Facebook: 'Live' Video Channel Will Not Be About Showbiz
The social site will launch 'Facebook Live' tonight with an America Ferrera interview.
The social site will launch 'Facebook Live' tonight with an America Ferrera interview.
Facebook this evening will officially launch its live-streaming video channel, while webcasting a sit-down discussion with actress America Ferrera about the marketing of her indie film, “The Dry Land.”
The new channel, dubbed Facebook Live, would seemingly underscore the social site’s untapped potential as an entertainment channel.
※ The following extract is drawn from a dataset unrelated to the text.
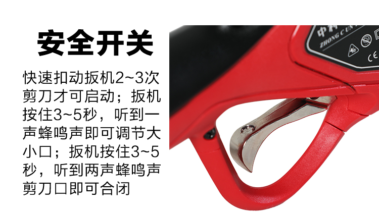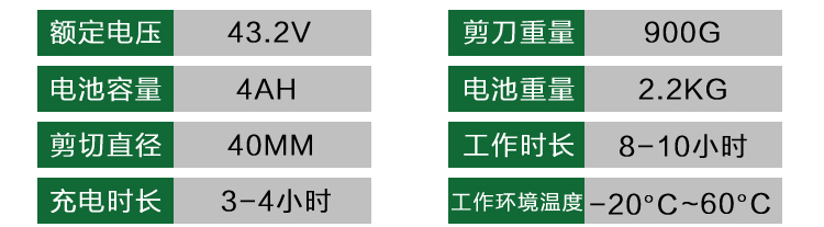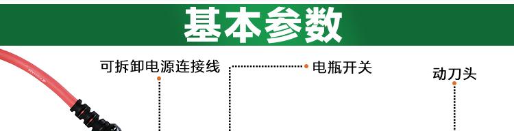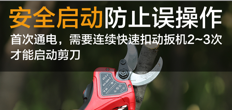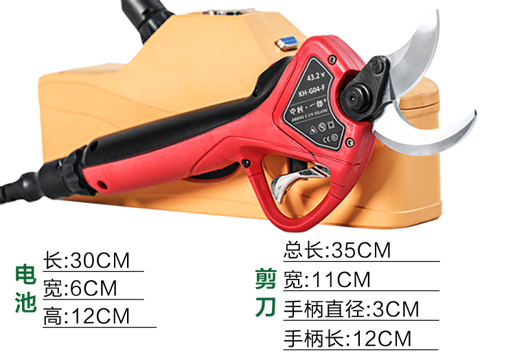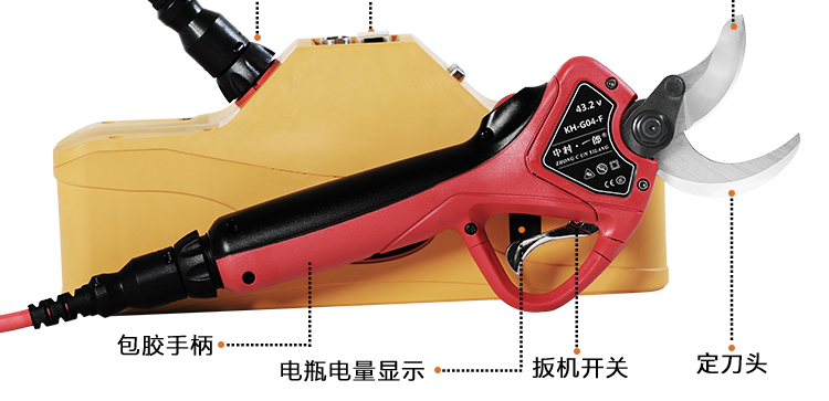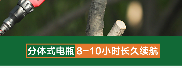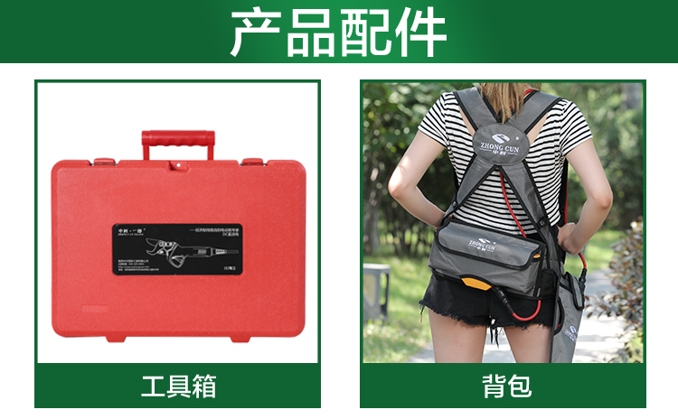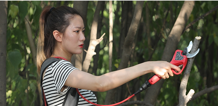 产品特点:电瓶采用便携背包设计和电瓶电量显示设计,工作轻松方便,实用于40MM的硬树枝剪切,代替传统手工剪,减轻劳动力和劳动成本。

Such speculation would seem fair when considering a platform that draws 500 million sets of eyeballs on a daily basis.
But Facebook told ClickZ News that it doesn’t want any part of showbiz – at least not for now.
Rebecca Hahn, spokesperson for the Palo Alto, CA-based company, said the channel would only air events that either tie back to Facebook products or feature how people use the social site. “For example, today America [Ferrera] will talk about how The Dry Land team used social media channels such as Facebook rather than traditional media to promote the film,” she said.
Still, the launch is bound to have marketers wondering about a possible social media and entertainment video product from Facebook. During the live Ferrera interview, viewers will be able to interact with one another via a chat stream. They will also be able to post status updates while watching and listening to the actress if they enable the Facebook Live app.
No matter how Facebook decides to leverage that style of interaction for future video events, entertainment marketers are continuing to upgrade how they utilize social media sites. Just last week, Sony Pictures used Facebook and MySpace to live-stream the red carpet festivities for premiere of “The Takers,” an action movie starring Matt Dillon that will be released on Aug. 27.
Meanwhile, Hahn said that standard Facebook.com ads will appear along the right-hand side of the page during the Ferrera interview. Though, she wouldn’t say whether or not ads for future Facebook Live events would be available separately on the site’s ad-buying platform.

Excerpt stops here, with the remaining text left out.